Wakil Ketua Umum PSI, Andy Budiman, menyatakan bahwa mekanisme “satu anggota satu suara” ini bertujuan untuk mendemokratisasi internal partai dan melibatkan generasi muda dalam proses politik. Pendaftaran bakal calon ketua umum dibuka mulai hari ini, 13 Mei, hingga 31 Mei 2025 di kantor DPP PSI.

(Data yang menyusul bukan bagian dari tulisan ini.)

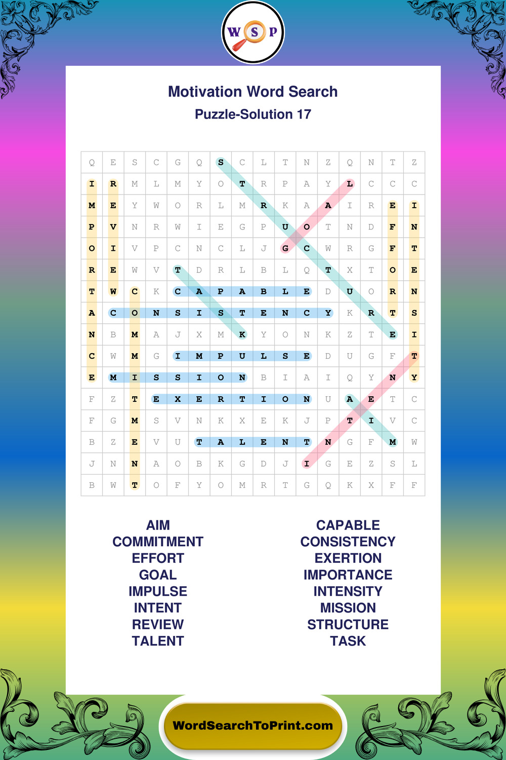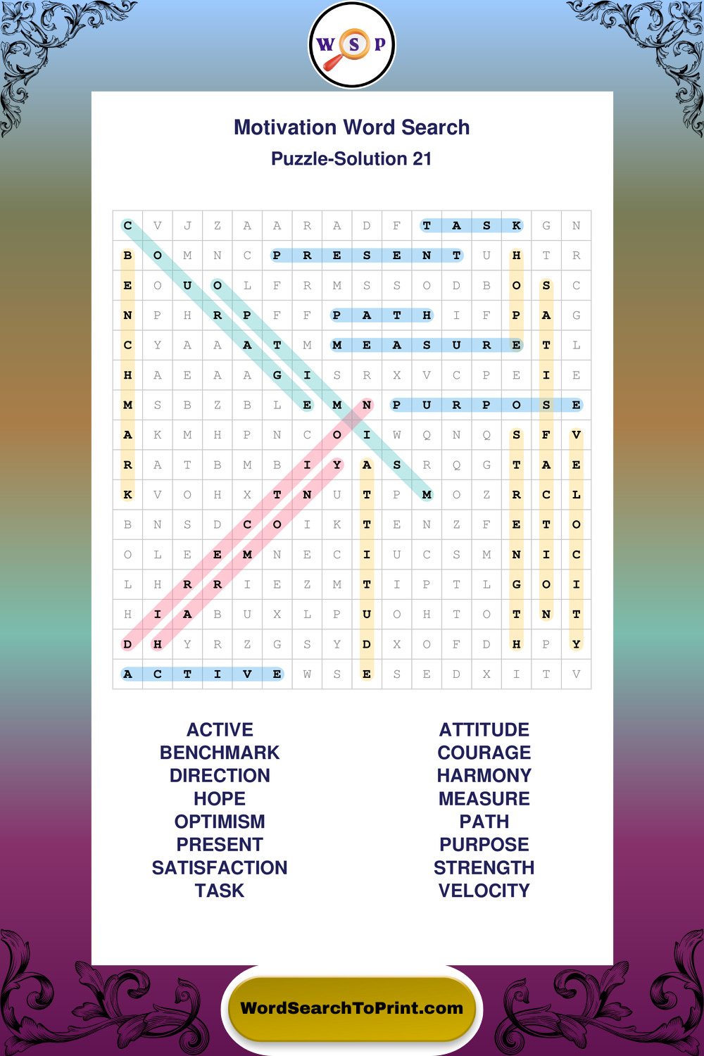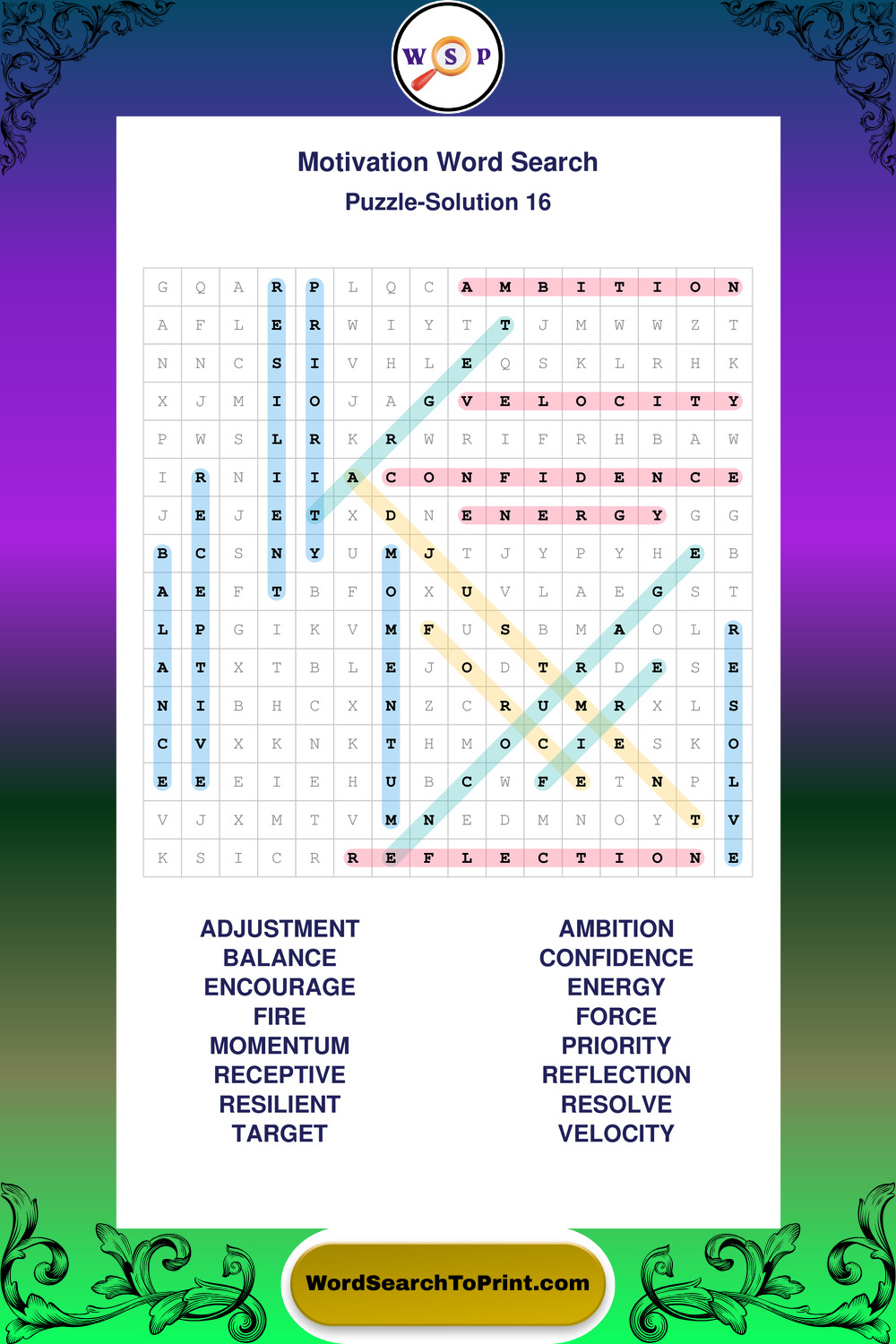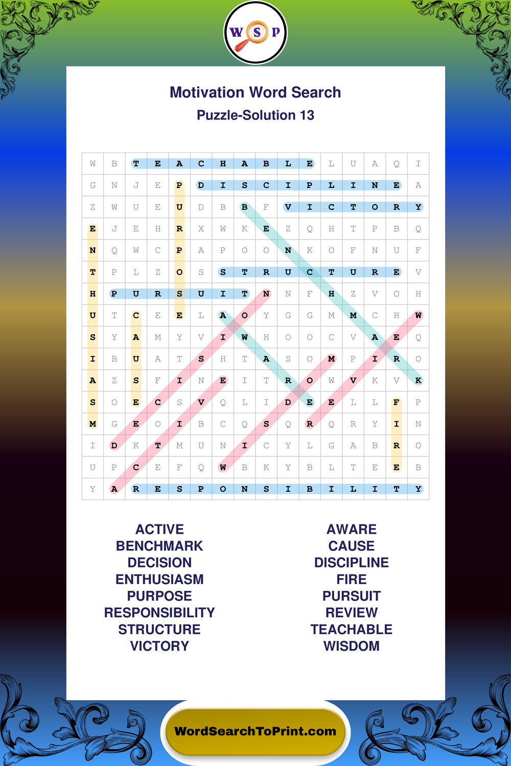 These puzzles focus on motivation, goal setting, life lessons, inspiration, and personal development concepts. They offer a structured and engaging way to explore this topic while strengthening concentration and vocabulary recognition. You may also enjoy our Inspiration word search puzzles and Wisdom word search puzzles.

Syarat bagi calon ketua umum adalah memiliki kartu anggota PSI, serta mendapatkan dukungan minimal dari lima Dewan Pengurus Wilayah (DPW) dan 20 Dewan Pengurus Daerah (DPD). PSI menargetkan pengumuman hasil Pemilu Raya akan dilakukan pada Kongres PSI yang dijadwalkan pada 19 Juli 2025 di Solo, Jawa Tengah.
Nama-nama seperti Ketua Umum PSI saat ini, Kaesang Pangarep, Giring Ganesha hingga Presiden ke-7 RI Joko Widodo berpotensi menjadi kandidat dalam Pemilu Raya ini.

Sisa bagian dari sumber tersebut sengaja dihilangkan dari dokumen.